The third step: and the feature map set obtained by the second step of deep stitching comprises 832 feature maps of 224 x 1, in order to increase the calculation speed, the 832 feature maps are processed in batch, each 32 feature maps are in a group, each group of feature maps adopts a confidence coefficient algorithm, the original image is covered by using the feature maps as masks, the covered images are put into the same network again to obtain scores corresponding to the classes of the original image, the difference value of the scores corresponding to the classes of the original image is recorded as the confidence coefficient of the group of feature maps, and the result obtained by each group is a vector with the dimension of (32 x 1).

The fourth step: and (3) splicing the confidence results of all the groups to obtain a vector with the dimension of (832 × 1), wherein each value in the vector represents the confidence of the corresponding feature map. This vector is then soft-maximized to improve the connection of each feature map to the whole, while the result is still a (832 × 1) vector representing the contribution of the feature map.

Compared with other algorithms, the HCScore-CAM algorithm has the effect comparison experiment for generating the characteristic activation graph under the condition of multiple targets. As shown in FIG. 3, the HCScore-CAM algorithm has a better effect on locating multiple homogeneous objects than the Score-CAM and SS-CAM algorithms. When one image contains a plurality of similar objects and the objects are relatively separated, the Score-CAM, SS-CAM and HCscore-CAM algorithms can respectively locate the plurality of objects, and when the plurality of similar objects are distributed too densely, the HCscore-CAM has a more obvious locating effect compared with other two algorithms. This is because the HCScore-CAM incorporates the low-level features of the network, which tend to contain edge features, and because of these features, the HCScore-CAM algorithm works better for dense object localization.

Although the present invention has been described with reference to the preferred embodiments, it is not intended to limit the present invention, and those skilled in the art can make variations and modifications of the present invention without departing from the spirit and scope of the present invention by using the methods and technical contents disclosed above.

Claims

1. A method for generating a class activation map fused with supercolumns is characterized by comprising the following steps:

the fourth step: splicing the confidence results of all groups to obtain a multi-dimensional vector, performing soft maximum processing on the multi-dimensional vector, and taking the result as the contribution degree of each feature map;

2. The method of claim 1, wherein: a0 ≠ a1 ≠ a 2.

3. The method of claim 1, wherein: in the first step, the network convolution divides the network into different hierarchies according to different characteristics learned by the network, the hierarchy learned by the network into low-level characteristics is considered as a low layer, the hierarchy learned into textural characteristics is defined as a middle layer, and the hierarchy learned into key semantic characteristics is defined as a high layer.

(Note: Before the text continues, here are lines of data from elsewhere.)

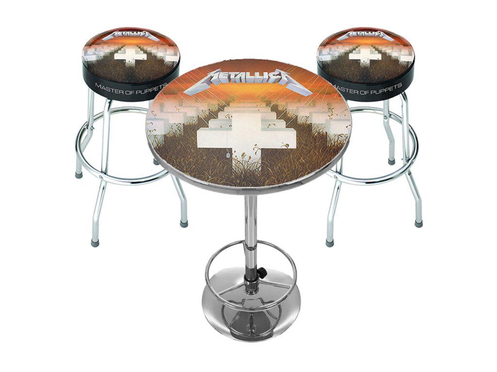 Set obsahuje dvě barové stoličky a jeden stůl, vše s potiskem vaší oblíbené kapely.
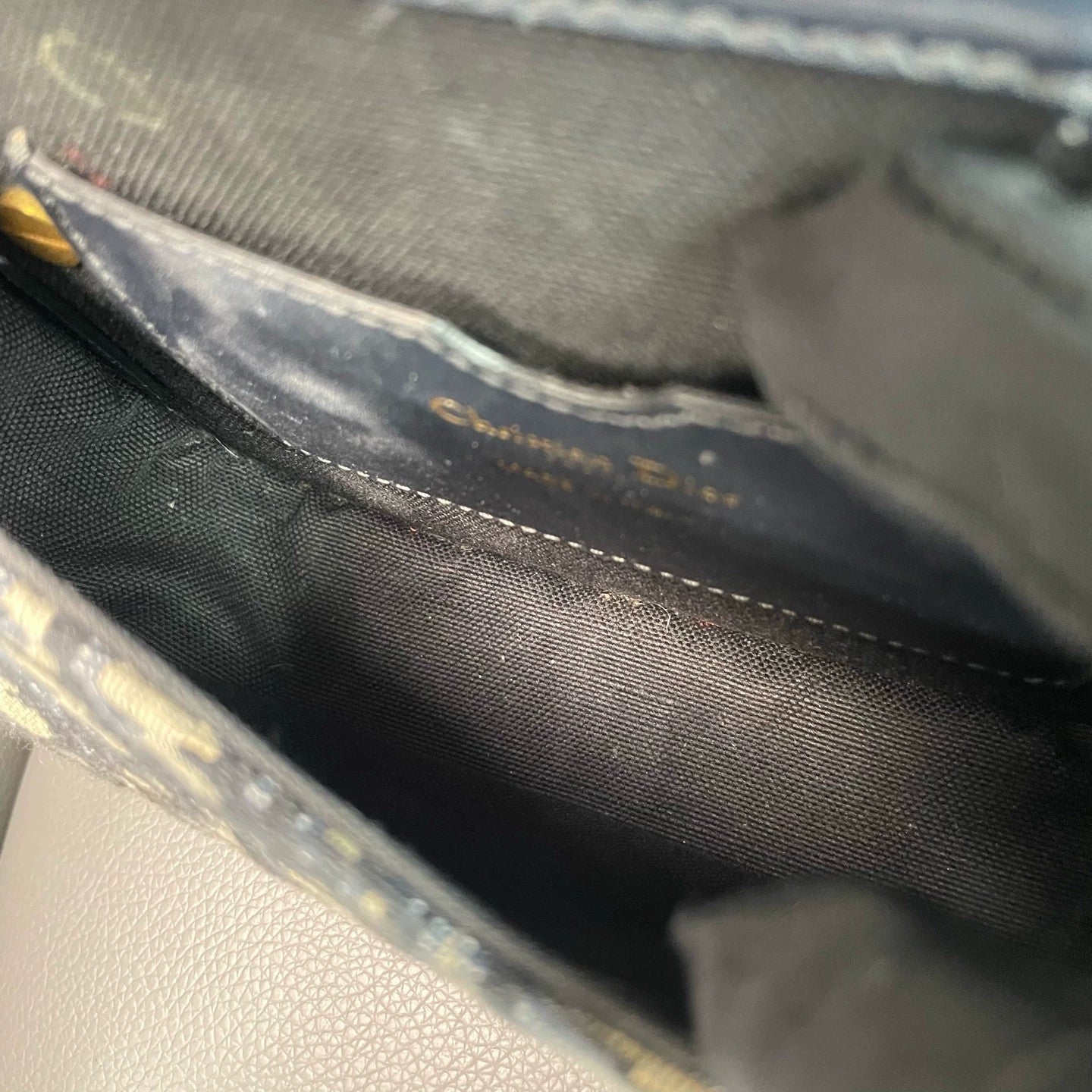 The interior is lined with a dark fabric, likely matching the navy accents. It features a main compartment with a slip pocket, providing practical storage. The 'Christian Dior' signature is visible on an interior leather tab. The lining appears clean with no major stains or damage.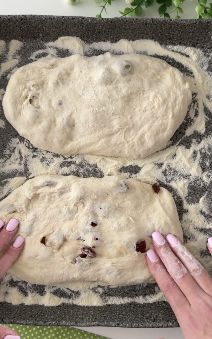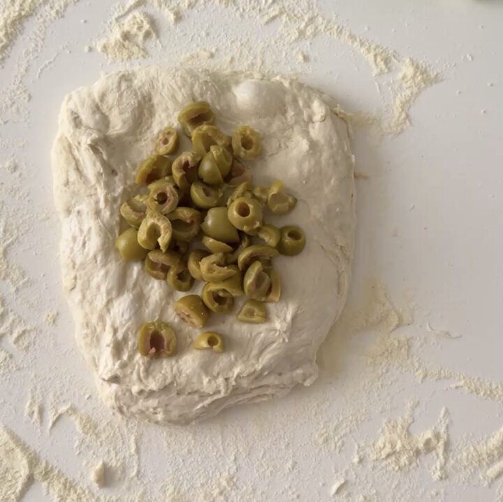 Terminato l’ultimo giro di pieghe, lavorate l’impasto su un piano con della semola e aggiungete , se volete, gli ingredienti che preferite, io l’ho diviso a metà e ho messo olive verdi denocciolate in una e pomodori secchi a pezzettini nell’altra.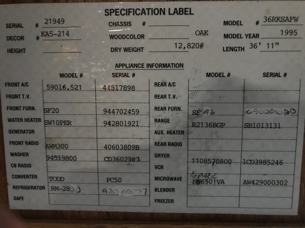 This One Owner ’95 Newmar Kountry Aire has an overall length is 36 feet and comes equipped with an 1 Slide Out, 1 Awning, 1 A/C unit, 2 Heaters and plenty of room to sleep 6.

4. The method of claim 1, wherein: the grouping preference range in batch processing is generally 2 ⁿ The specific setting of the form of the test is related to the effect of the experiment and the utilization rate of the used memory.

5. The method of claim 1, wherein: the feature activation graph calculation process is as follows:

wherein

Representing the contribution degree of the Kth feature map to the class C;

d _k representing the Kth feature map;

relu () is a linear rectification function;

n () is a normalization process, mapping matrix values to [0,1] intervals;

representing the resulting class activation map.